Source Code Instrumentation and LLVM: Pwn the world.

Source Code Instrumentation adds specific code meant for instrumentation/analysis, called Instrumentation Code, to the source files of the program under consideration. The source files are then compiled and executed. Since the instrumentation code is integrated into the binary itself, the output from the execution includes the dump of the instrumentation code which can then be used for further analysis and component testing.

Intermediate Representations

Representation of a program in a state that lies between the source code and the compiled binary(specifically, the assembly code). Compilers have a stage of intermediate code generation, where they natively generate IR of the source code.

IR is then used to emit generic assembly code allowing us to use a single universal assembler that can handle the final translation of assembly to machine code for every language. Otherwise, a full native compiler would be required for different languages and different architecture machines.

Moreover, it allows us to perform machine independent optimizations.

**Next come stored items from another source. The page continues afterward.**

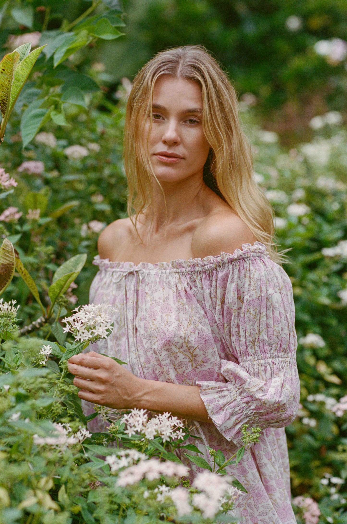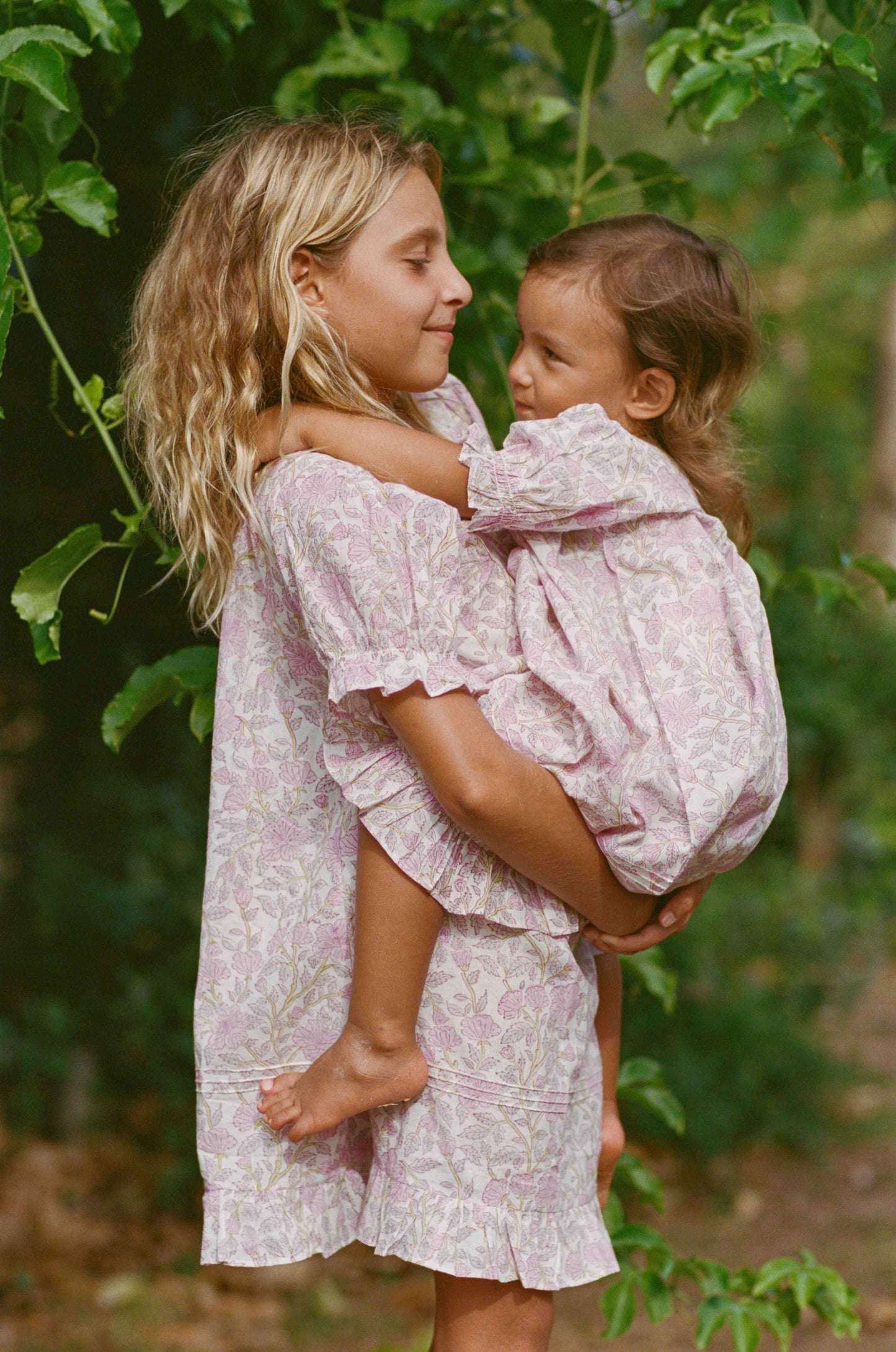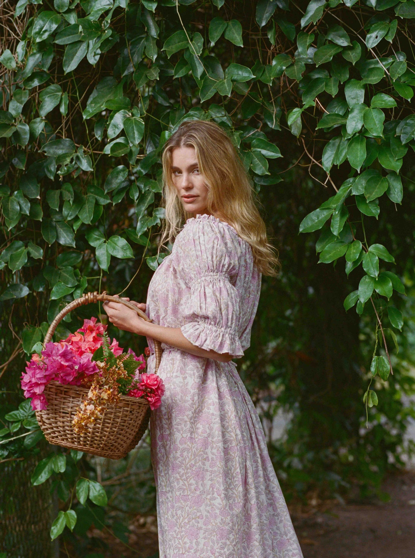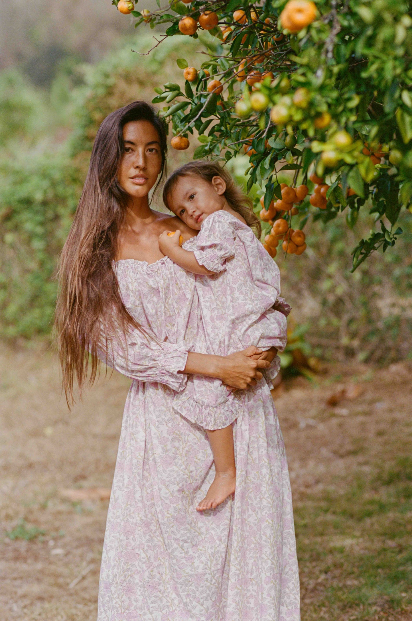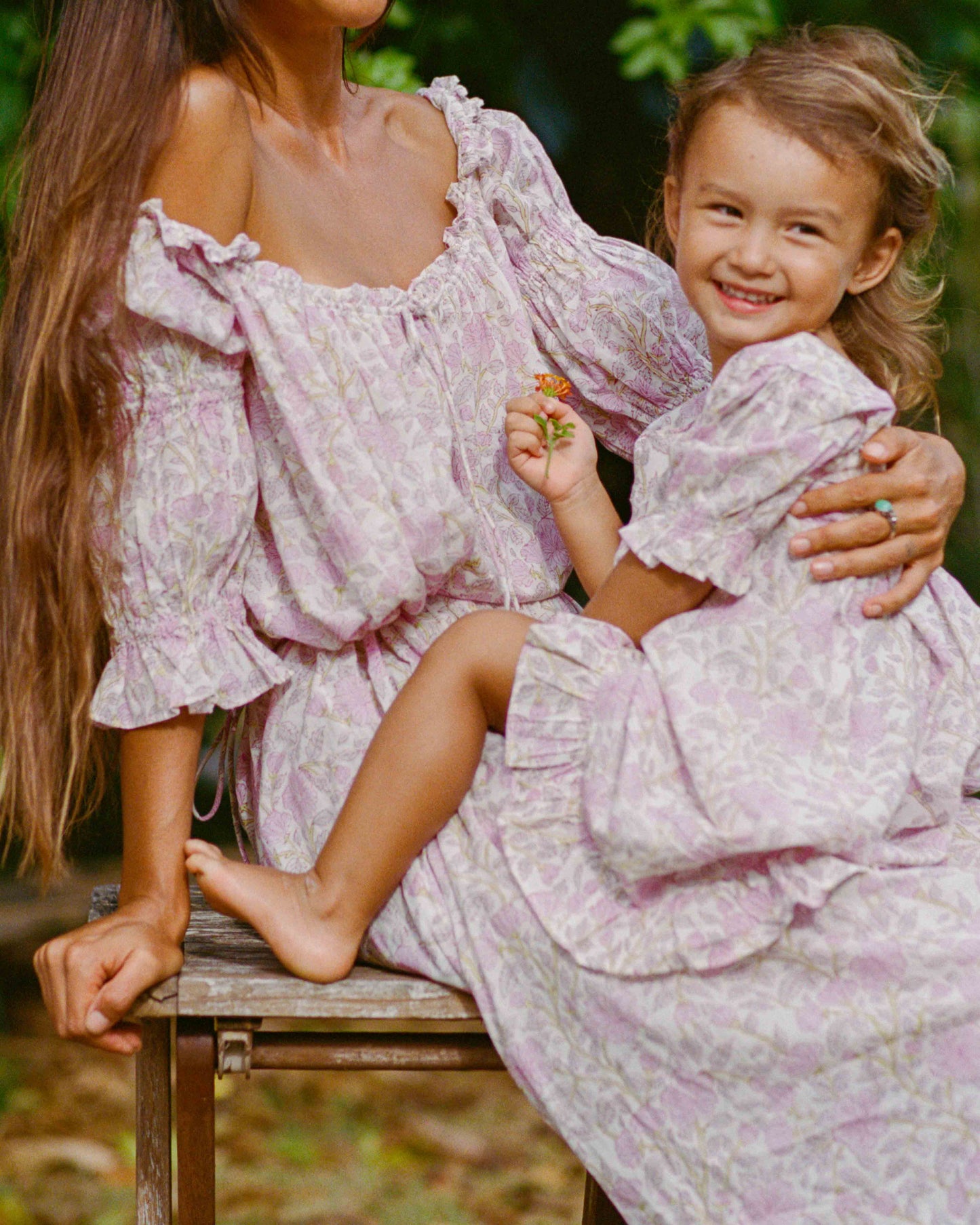 Bathed in the glow of the Pacific sun, our Lilac Oiseau print celebrates the vibrant hibiscus, with its oversized blooms block printed by hand into an elegant tapestry. Its soft lilac hues whisper of Hawaiian royalty, spirituality, and wisdom.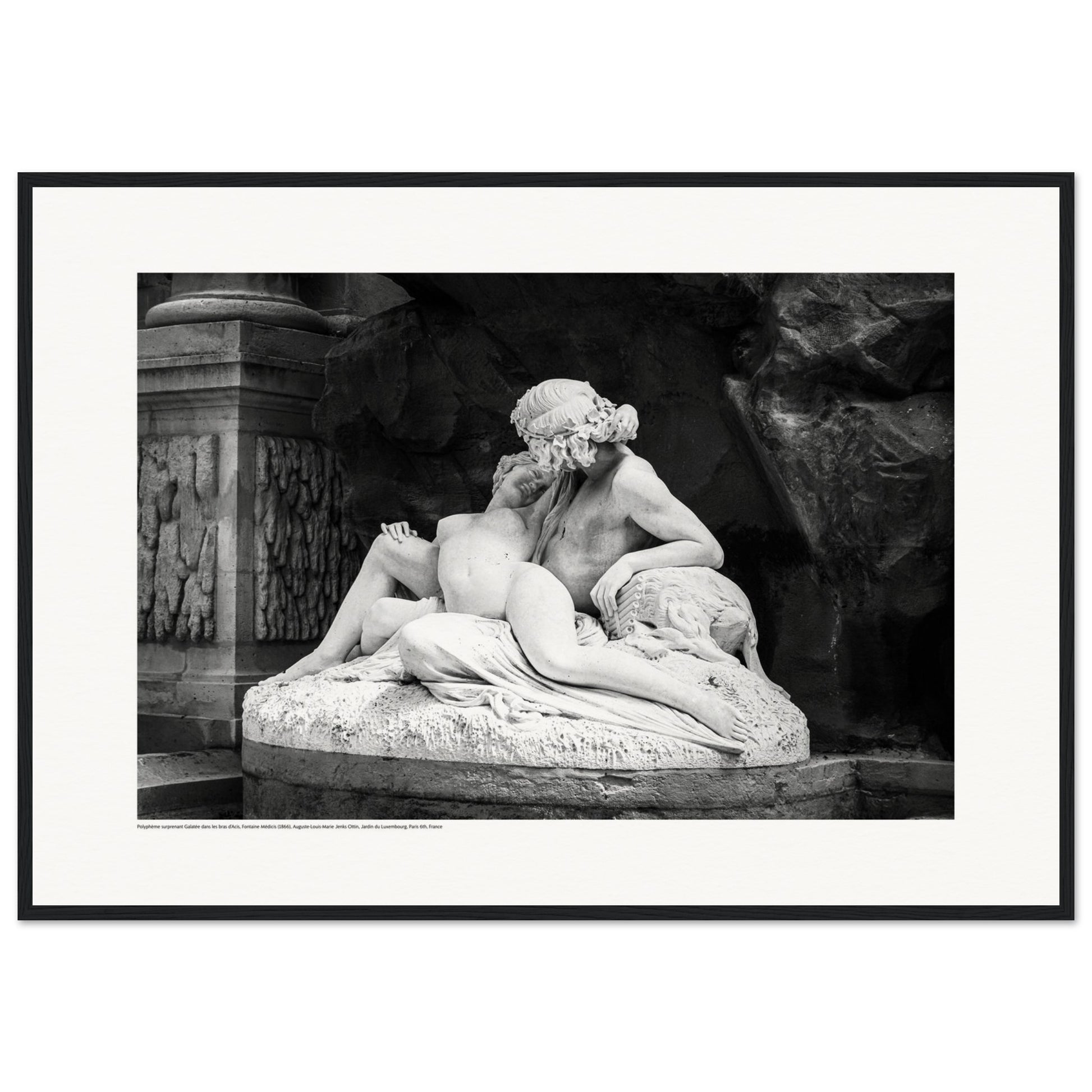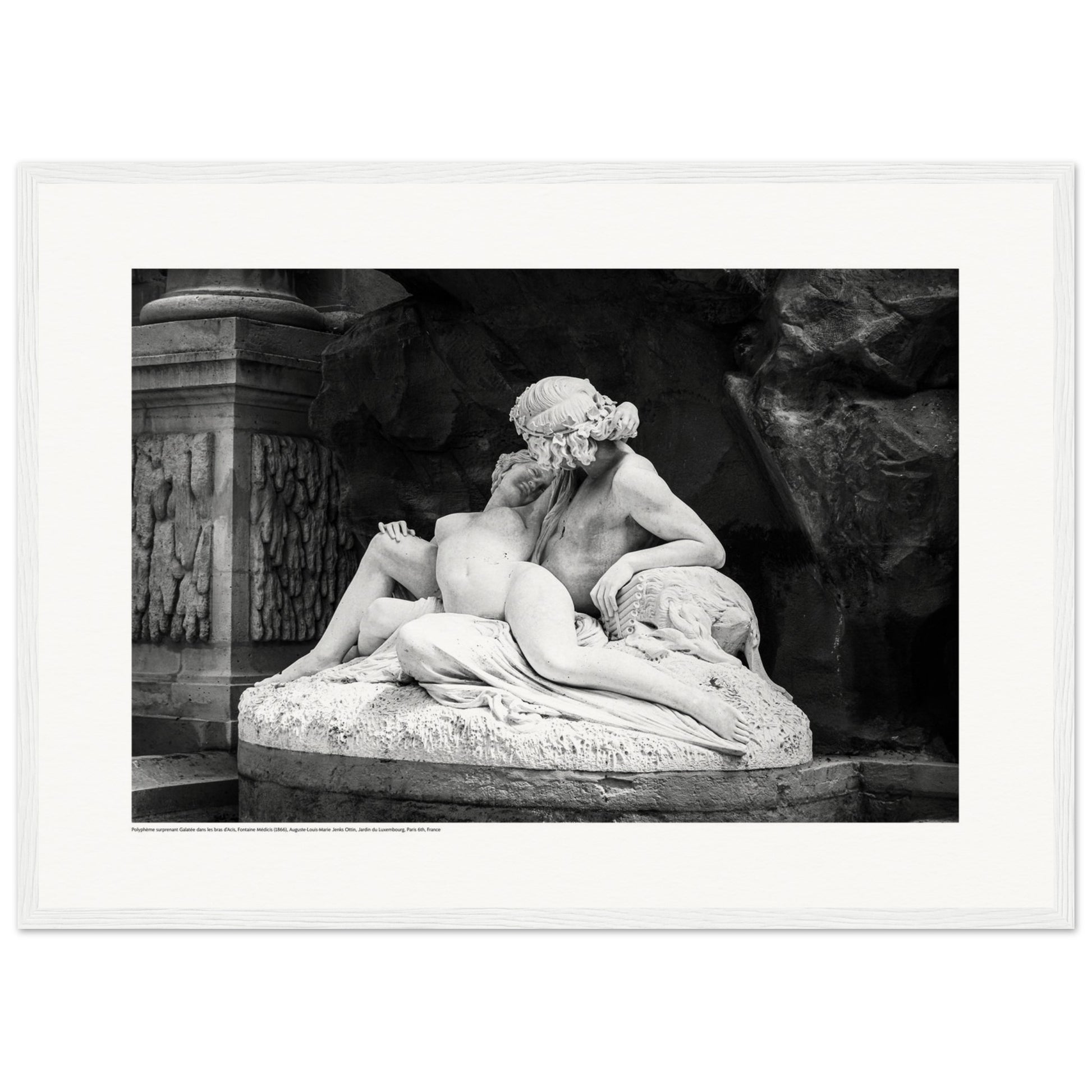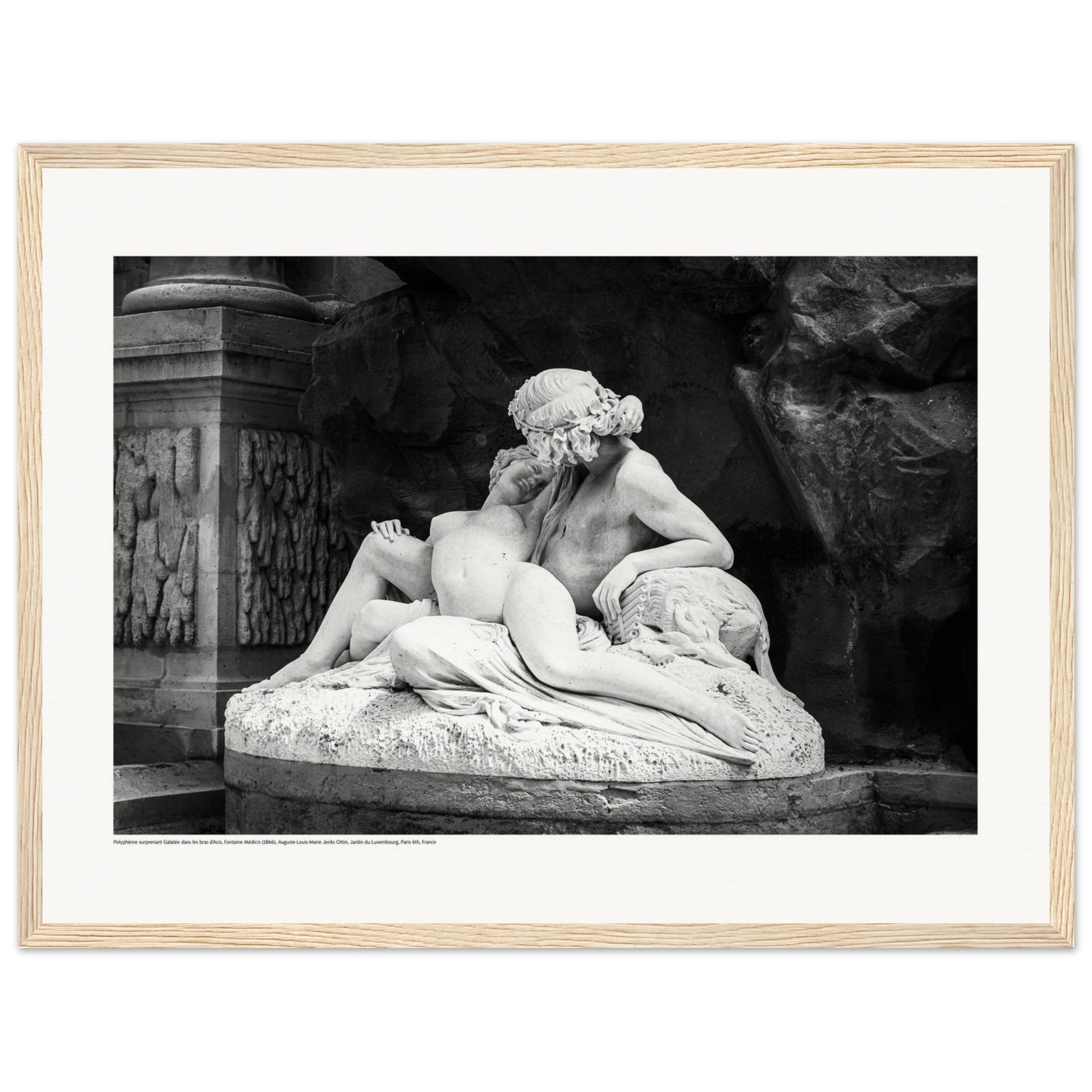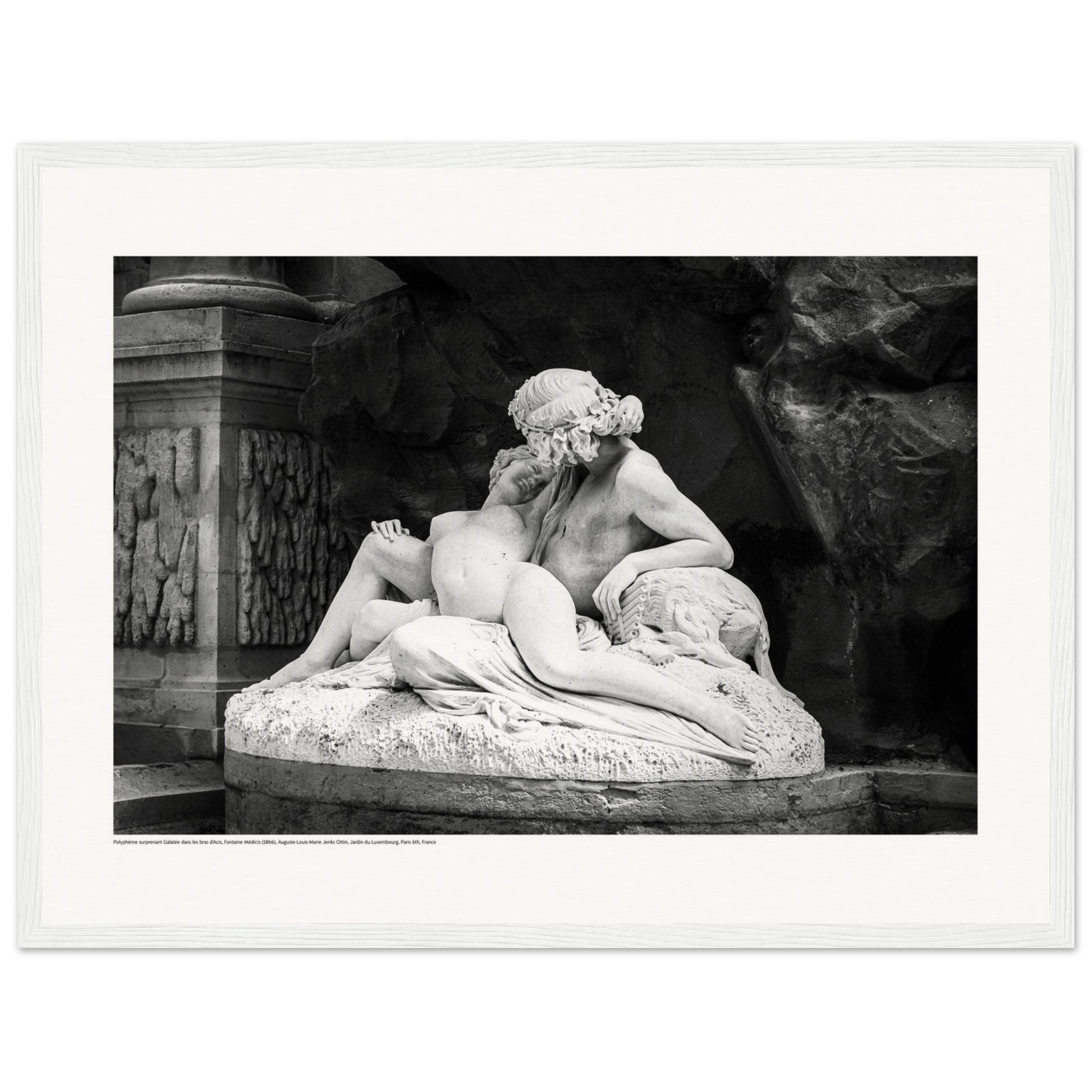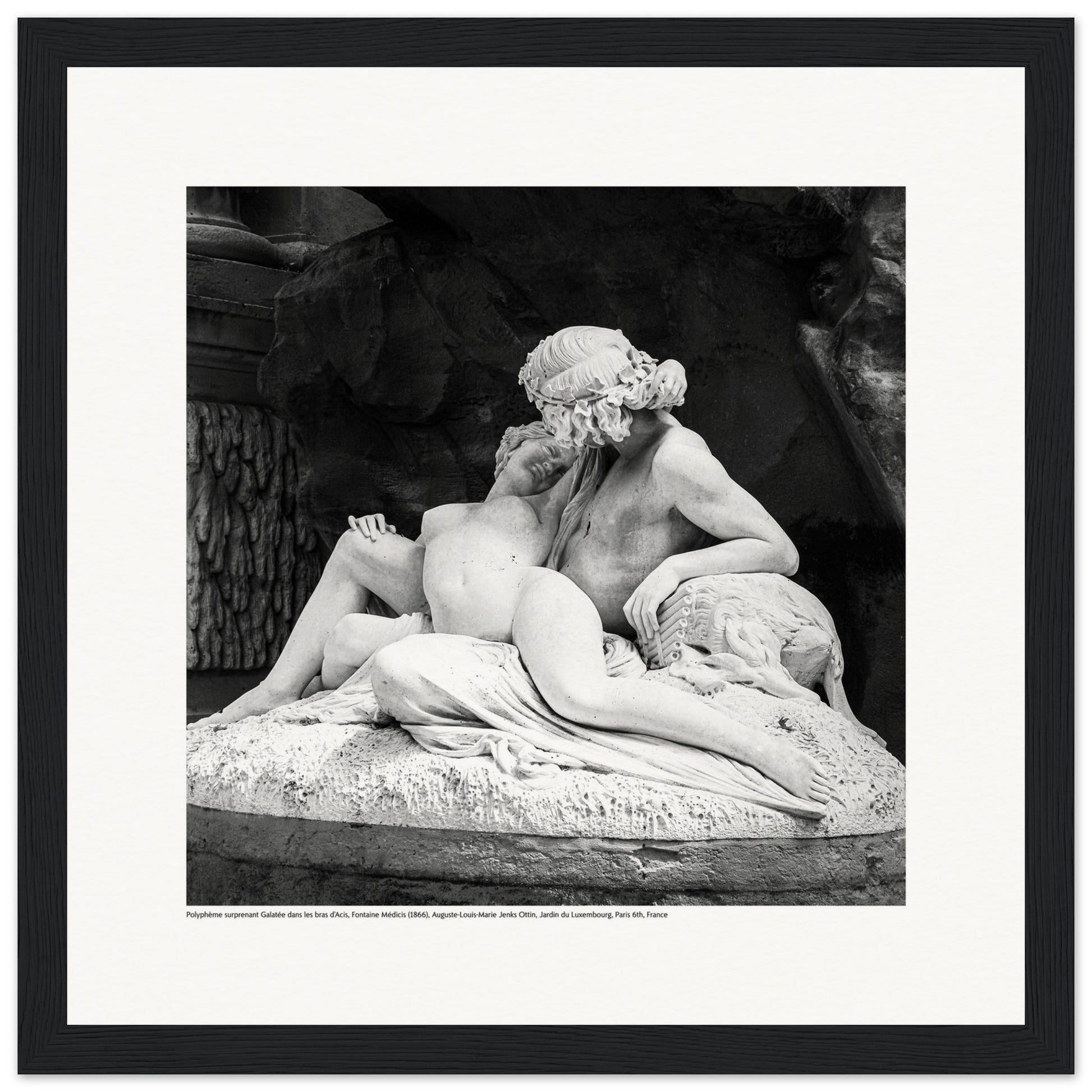 "Polyphème surprenant Galatée dans les bras d'Acis" is also known as the Fontaine Medicis. It was originally designed back in the 1600s when Marie de Medici, who was the Queen regent for her son King Louis XIII after her husband died, decided to have a palace built and gardens laid out in a style reminiscent of her days in Italy. The Cyclops Polyphemus is in love with Galatea, a nereid, nymph of thesea. She prefers the Sicilians Acis. Polyphemus surprises them to get her and kills his rival by crushing him under a rock. Galatea then changes the blood of Acis into a river bearing his name in Sicily.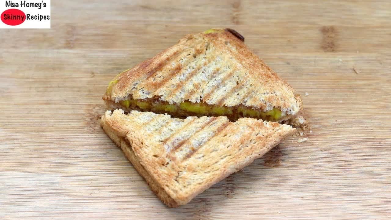 peanut butter banana sandwich is a quick and easy and healthy breakfast for hostel students and bachelors. Homemade peanut butter can be easily made in the mixie and no extra oil is needed to make this healthy filling, protein rich sandwichIngredients:2 brown bread
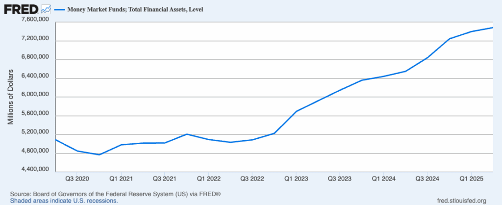 Powell also signaled today that two more rate cuts could be on the way before the year is out, which would only further reduce returns in money market funds, potentially pushing investors into hard assets like bitcoin and gold as well as riskier assets like tech and AI-related stocks.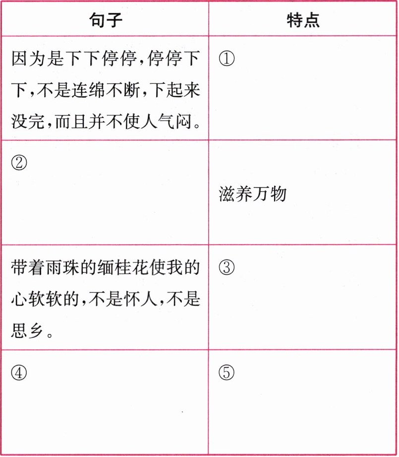 ③能让人内心安静柔软 ④密匝匝的细碎的绿叶,数不清的半开的白花和饱涨的花骨朵,都被雨水淋得湿透了。 ⑤滋润万物

Let’s take a source code as an example.

while (x < 4 * y) {
    x = y / 3 >> x;
    if (y) print x - 3;
}

It can be expressed in different IR formats.

Structural

Graphically oriented format which is heavily used in source-to-source translations. A graph is formed showing different stages in different shapes along the flow of execution.

Semantic graph.

Linear

Pseudo-code like format with varying levels of abstraction (such as sub types of Tuples). It’s shown using simple and compact data structures and is easier to rearrange.

Tuples

Instruction-like entities consisting of an operator and zero to three arguments. Arguments can be literals, subroutine references, variables or temporaries.

// Stored form				   // Rendered form
(JUMP, L2)                          goto L2
(LABEL, L1)                    L1:
(SHR, 3, x, t0)                     t0 := 3 >> x
(DIV, y, t0, t1)                    t1 := y / t0
(COPY, t1, x)                       x := t1
(JZ, y, L3)                         if y == 0 goto L3
(SUB, x, 3, t2)                     t2 := x - 3
(PRINT, t2)                         print t2
(LABEL, L3)                    L3:
(LABEL, L2)                    L2:
(MUL, 4, y, t4)                     t4 := 4 * y
(LT, x, t4, t5)                     x := t4 < t5
(JNZ, t5, L1)                       if t5 != 0 goto L1

Generally we recognize three levels of tuple sophistication. Let’s take another source code as an example.

double a[20][10];
.
.
.
for (int i = 0; i < n; i += di)
    a[i][j+2] = j;

High-level

Keeps structure of source language program explicit.
Source program can be reconstructed from it.
Operands are semantic objects, including arrays and structs.
No breaking down of array indexing computations.
No thought of registers.
No concern for runtime systems.

(COPY, 0, i)                        i := 0
(LABEL, L1)                    L1:
(JGE, i, n, L2)                     if i >= n goto L2
(INDEX, a, i, t0)                   t0 := a[i]
(ADD, j, 2, t1)                     t1 := j + 2
(INDEX, t0, t1, t2)                 t2 := t0[t1]
(COPY_TO_DEREF, j, t2)              *t2 := j
(INCJUMP, i, di, L1)                i += di, goto L1
(LABEL, L2)                    L2:

Medium-level

Can be source or target oriented.
Language and machine independent.
Break down data structure references to deal only with simple ints and floats.
Great for architecture-independent optimizations.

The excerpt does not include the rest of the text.